## What you have to do
Images are to be left out; everything else in the listing should be repeated exactly.

## Data extract
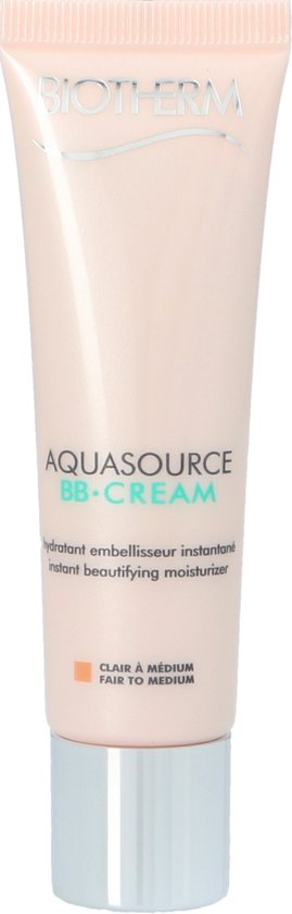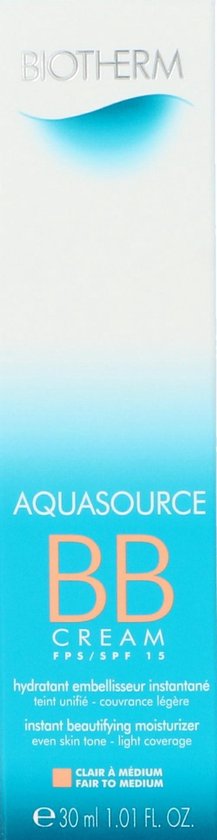 Biotherm Aquasource BB Cream Instant Beautifying Moisturizer Deze BB cream is een licht getinte crA me die een egale teint aan de huid geeft De crA me is uniek door de combinatie van een krachtige hydratatie en een BB effect Daarnaast is de crA me ook voorzien van een SPF 15 De 100 minerale pigmenten zorgen voor een natuurlijke egale teint Kleur Licht tot medium Gebruik Breng de BB cream na de reiniging aan op het gezicht Als je meer dekking wilt breng nog een laagje aan
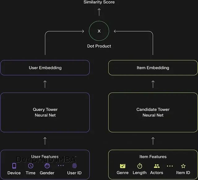 这种设计的巧妙之处在于将复杂的用户-内容匹配问题,转化为两个向量空间的相似度计算。
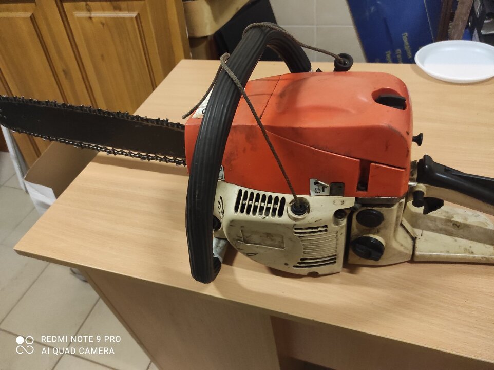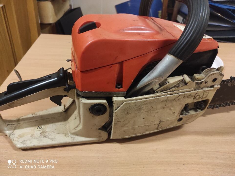 Конфіскація майна за рішенням суду: бензопила біло-помаранчевого кольору, б/в
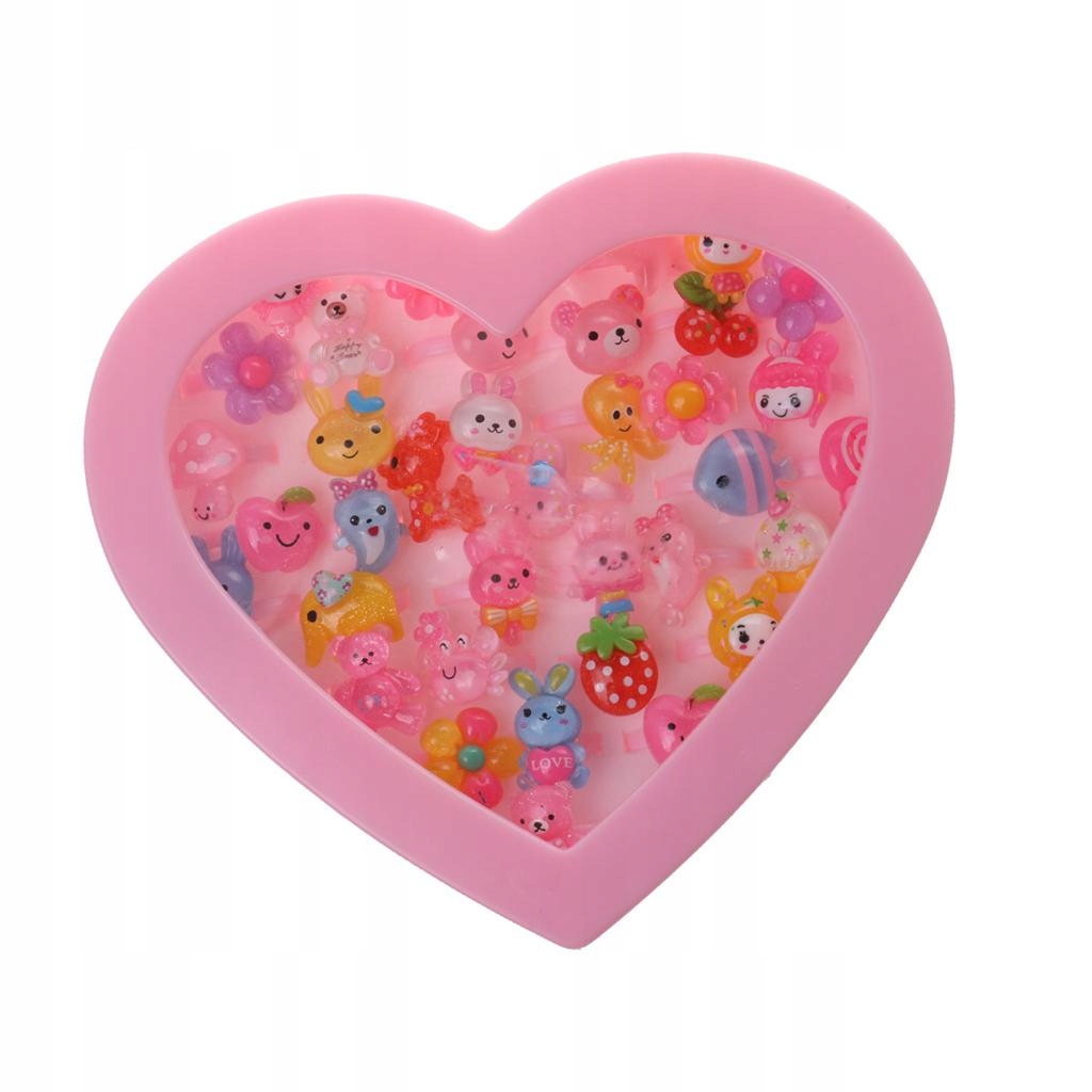 36 очаровательных колец в красивой розовой коробке в форме сердца

## Exercise response
 Biotherm Aquasource BB Cream Instant Beautifying Moisturizer Deze BB cream is een licht getinte crA me die een egale teint aan de huid geeft De crA me is uniek door de combinatie van een krachtige hydratatie en een BB effect Daarnaast is de crA me ook voorzien van een SPF 15 De 100 minerale pigmenten zorgen voor een natuurlijke egale teint Kleur Licht tot medium Gebruik Breng de BB cream na de reiniging aan op het gezicht Als je meer dekking wilt breng nog een laagje aan
 这种设计的巧妙之处在于将复杂的用户-内容匹配问题,转化为两个向量空间的相似度计算。
 Конфіскація майна за рішенням суду: бензопила біло-помаранчевого кольору, б/в
 36 очаровательных колец в красивой розовой коробке в форме сердца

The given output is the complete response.